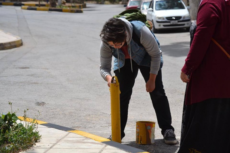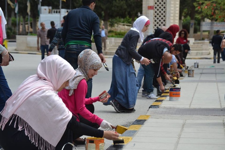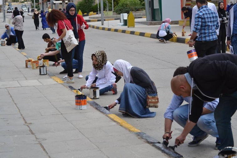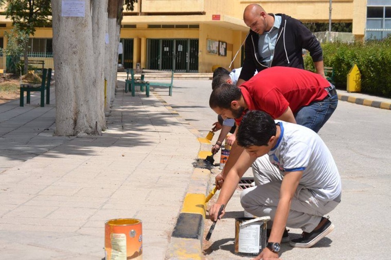 احتفالاً بعيد العمال، نظمت قائمة التجديد في الجامعة الأردنية يوم عمل تطوعي داخل الحرم الجامعي اشتمل على طلاء ارصفة الجامعة.
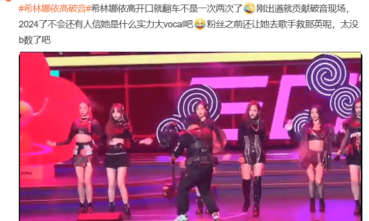 但是听得出,除了嗓子问题外,气息也不稳定,不只是嗓子问题,同时也不适合这样偏向于大众流行的歌曲,更适合偏轻机能的歌曲,几次出现高音破音、倒嗓的情况,引发众人的嘲讽。
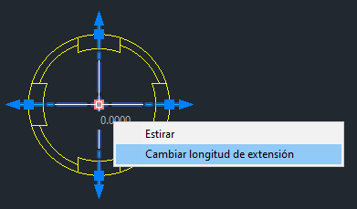 Al colocar el puntero sobre el pinzamiento central multifuncional de una marca de centro, se muestra un menú. Aquí puede estirar para mover la marca de centro y cambiar uniformemente la longitud de las cuatro extensiones de línea de centro.

==========

Task goal - Once the pictures are set aside, transcribe the remaining lines above exactly.

Task solution -
 احتفالاً بعيد العمال، نظمت قائمة التجديد في الجامعة الأردنية يوم عمل تطوعي داخل الحرم الجامعي اشتمل على طلاء ارصفة الجامعة.
 但是听得出,除了嗓子问题外,气息也不稳定,不只是嗓子问题,同时也不适合这样偏向于大众流行的歌曲,更适合偏轻机能的歌曲,几次出现高音破音、倒嗓的情况,引发众人的嘲讽。
 Al colocar el puntero sobre el pinzamiento central multifuncional de una marca de centro, se muestra un menú. Aquí puede estirar para mover la marca de centro y cambiar uniformemente la longitud de las cuatro extensiones de línea de centro.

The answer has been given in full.